The leading opinion in this circuit is Porello v. United States, 2 Cir., 1946, 153 F.2d 605, affirmed in part and reversed in part, and remanded sub. nom. American Stevedores, Inc., v. Porello, 1947, 330 U. S. 446, 67 S.Ct. 847, 91 L.Ed. 1011. In the Circuit Court of Appeals, the impleaded employer, the Stevedoring Company, and respondent, the United States, were found to have been both at fault. Because the employer had contracted to indemnify the respondent, the entire loss was placed on the employer. However, in the course of his opinion Judge Swan discussed the situation where there is no contract, and apparently took a position contrary to that taken in The Tampico, supra. He wrote [153 F.2d 607] :

“For a right of contribution to accrue between tort-feasors, they must be joint wrongdoers in the sense that their tort or torts have imposed a common liability upon them to the party injured. A.L.I.Restitution, § 86; 13 Am.Jur., Contribution, § 51. Since the libellant has no cause of action against his employer, the United States can claim no contribution on the theory of a common liability which it has been compelled to pay. See Consolidated Coach Corp. v. Burge, 245 Ky. 631, 54 S.W.2d 16, 85 A.L.R. 1086; Walker v. Kroger Grocery & Baking Co., 214 Wis. 519, 252 N.W. 721, 92 A.L.R. 680.” This result is supported by the language of Section 905. The Supreme Court remanded for a District Court finding on the meaning of the contract.

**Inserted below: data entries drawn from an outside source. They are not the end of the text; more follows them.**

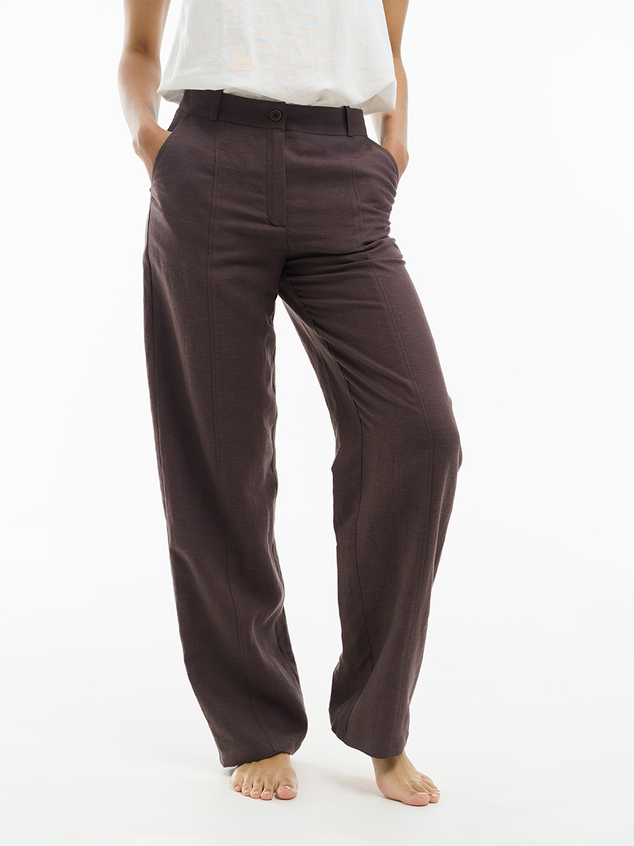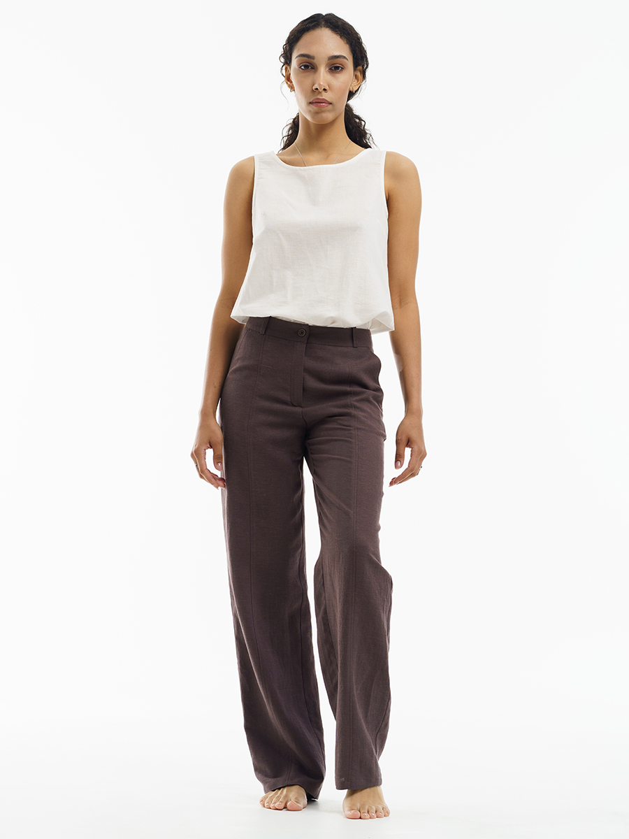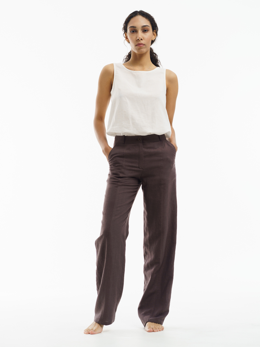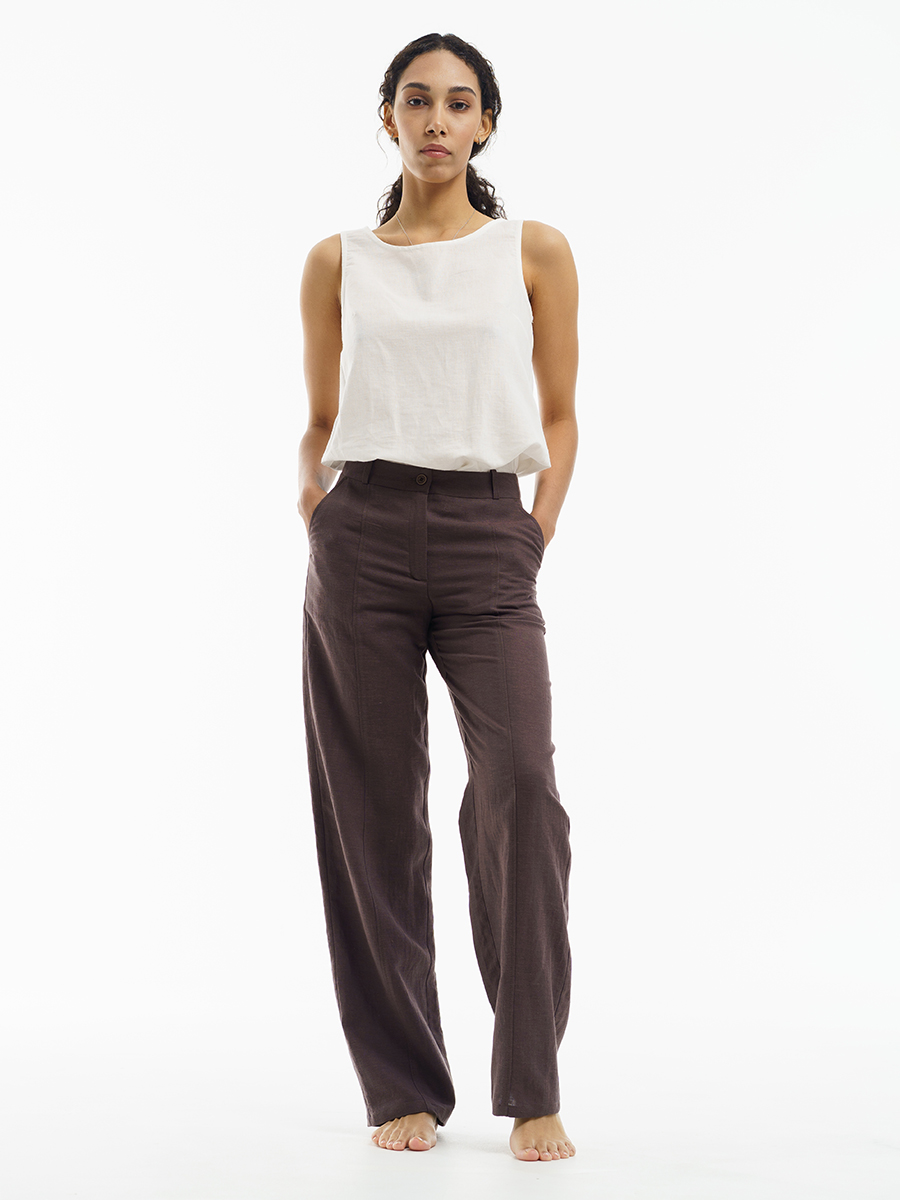 Брюки из льна в шоколадном цвете, свободные, для повседневной носки. Передняя и задняя часть штанины отделана декоративной строчкой. На задней части – два клапана с пуговицами. Застежка на молнию, одну обметанную петлю и пуговицу. Предусмотрены глубокие удобные карманы. Прекрасно подойдут для жаркой погоды. Составьте полный образ как на модели с блузкой 305/11/1 и жакетом 606/01/5 от Manika Belle.
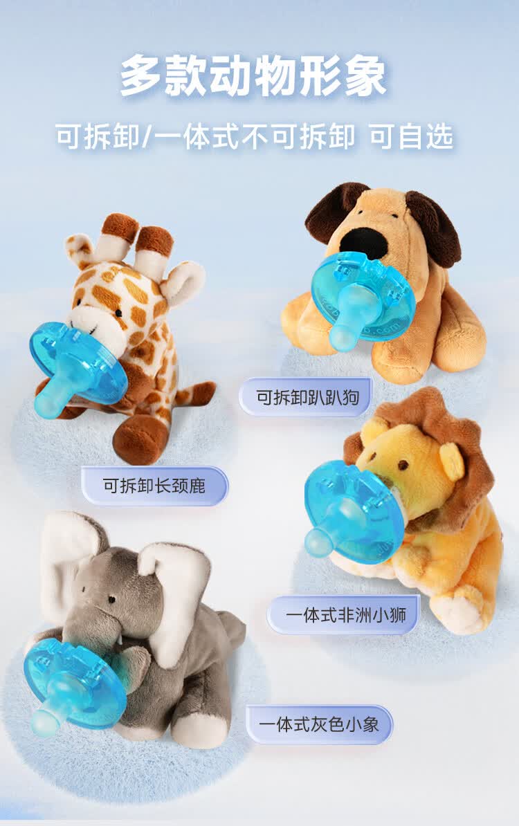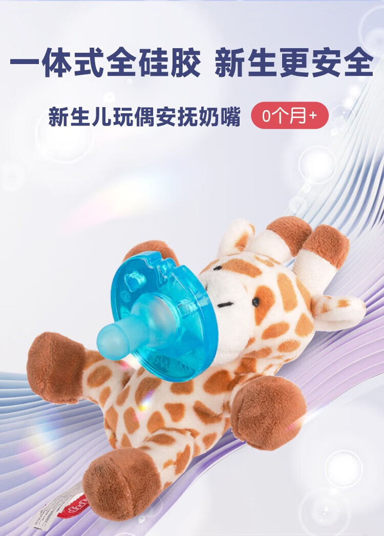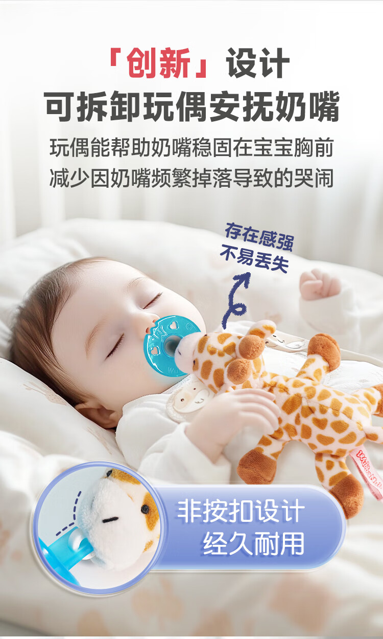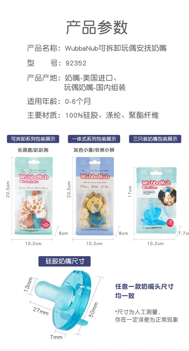 WubbaNub美国安抚奶嘴0-6个月新生儿口欲期安睡型崔玉涛长颈鹿玩偶防胀气 一体式小狮子奶嘴 0-6个月 1只装 买安抚奶嘴 送奶嘴盒1个
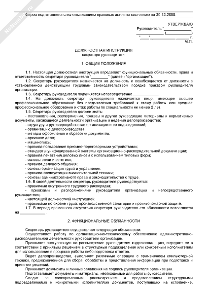 Обычно в должностных инструкциях перечисляются общие требования к сотруднику, описывается круг его должностных обязанностей, его права, ответственность, даются критерии оценки. Таким образом, должностная инструкция, с юридической точки зрения, становится частью трудового контракта между сотрудником и организацией. А с управленческой точки зрения, должностная инструкция – это результат совмещения оргструктуры компании и бизнес-процессов. Как правило, потребность в должностных инструкциях возникает на этапе формализации бизнес-процессов. И тогда должностная инструкция становится руководством к действию для сотрудников данной организации, то есть отражает информацию о том, как они участвуют в достижении целей компании, решения каких задач от них ожидают, на основании каких критериев будут оцениваться результаты их работы. Должностная инструкция используется также при аттестации специалистов. Скачать образец Должностной инструкции начальника отдела продаж (Word) Посмотреть полный каталог бланков Правила составления должностных инструкций для начальника отдела продаж Что касается начальника отдела продаж, у него может быть огромное количество обязанностей, так как большинство бизнесов строится в основном на продажах. Начальник отдела продаж планирует продажи, работает с менеджерами, участвует в переговорах и делает еще массу дел, по большому счету он обеспечивает продажи, поэтому его деятельность должна быть связана в основном с отделом планирования и отделом послепродажного обслуживания, хотя в своей работе он также должен ориентироваться на деятельности многих других отделов. Глобально должностные обязанности начальника отдела продаж можно подразделить на 4 большие категории: оперативные, стратегические, кадровые и процессные. Он должен заниматься организацией сбыта продукции, разрабатывать и предоставлять планы продаж, составлять итоговые отчеты, правильно вести рабочую и отчетную документацию, разрабатывать стратегии и координировать работу своего отдела, мотивировать сотрудников и обеспечить безопасность их условий труда, проводить переговоры с клиентами, содействовать развитию с ними долгосрочных партнерских отношений, заключать договоры на реализацию продукции, осуществлять отбор менеджеров в свой отдел и многое другое. Начальник отдела продаж имеет право визировать документы в рамках своей компетенции, вносить предложения по премированию сотрудников при перевыполнении плана продаж, предлагать методы по усовершенствованию работ своего отдела и прочее. В должностной инструкции начальника отдела продаж отражены не только его права и обязанности, но и ответственность, которую он несет в соответствии с действующим трудовым законодательством РФ.
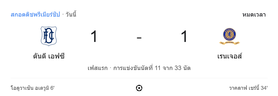 จาก : ผลบอลสด สกอตติชพรีเมียร์ชิป 2024 ระหว่าง ดันดี 1-1 กลาสโกว์ เรนเจอร์ส วันนี้ 10/1/68 – บ้านกีฬา
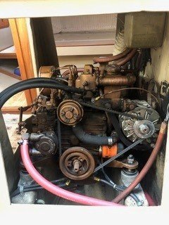 The galley is spacious with double sinks, hot & cold pressure water, 12v refrigeration & a Force 10 propane stove with oven. Ample lockers & drawers.
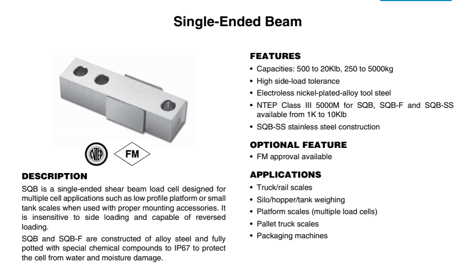 Nxg廣州南創(chuàng)電子科技有限公司美國(guó)vishay celtron SQB-1.1t稱重傳感器特點(diǎn):Nxg廣州南創(chuàng)電子科技有限公司單剪切梁稱重傳感器
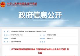 2019年12月13日,生態環境部發布了《規劃環境影響評價技術導則 總綱》(HJ130-2019)
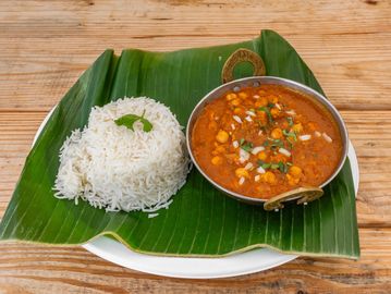 Garbanzos cooked with aromatic indian spices based in a tomato and onion based sauce.
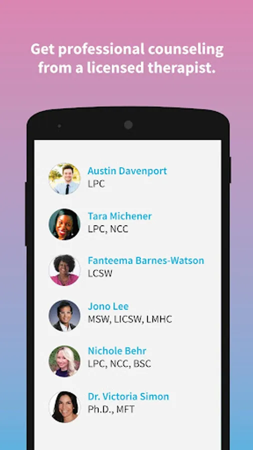 All therapists on Regain have at least 3 years and 1,000 hours of hands-on experience. They are licensed, trained, experienced and accredited psychologists (PhD/PsyD), marriage and family therapists (MFT), clinical social workers (LCSW), licensed professional counselors (LPC), or similar credentials.
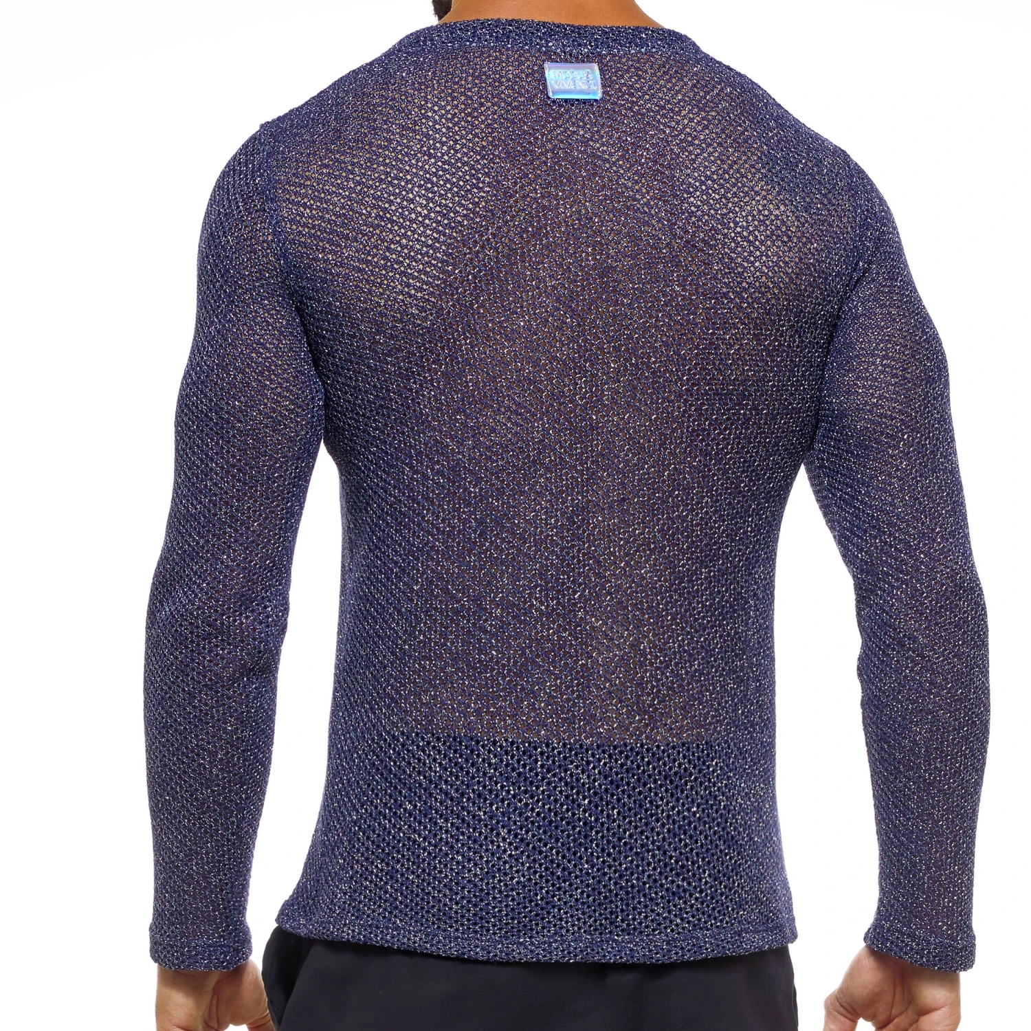 T-shirt transparent en tissu tricoté extensible contenant des fils métallisés Lurex, pour un parfait effet cotte de mailles. Coupe ajustée avec col en V profond et manches longues. Etiquette Modus Vivendi cousue dans le dos. Fabriqué en GrÚce.

Of course, in a proper case, it would be possible to hold the employer’s liability may be expanded where he is impleaded as being under liability to respondent, but that his liability may not be expanded where joint liability is asserted. Indeed, that would appear to be the present state of the law in this Circuit. Inasmuch as respondent’s petition does not allege any *590liability over, or even joint liability, the present motion can be decided without recourse to this line of decisions. Respondent’s petition merely seeks to assert that Pyrate is directly,' and solely, liable to libellant. In such a case Pyrate’s liability is limited by the terms of Section 905, and Pyrate would not necessarily have an adequate motive to defend.

No claim having been asserted that Pyrate is liable over to respondent, the motion for impleader is denied, but the application for leave to amend the answer as indicated is granted. Admiralty Rule 23; Benedict on Admiralty (6th ed.) Section 355.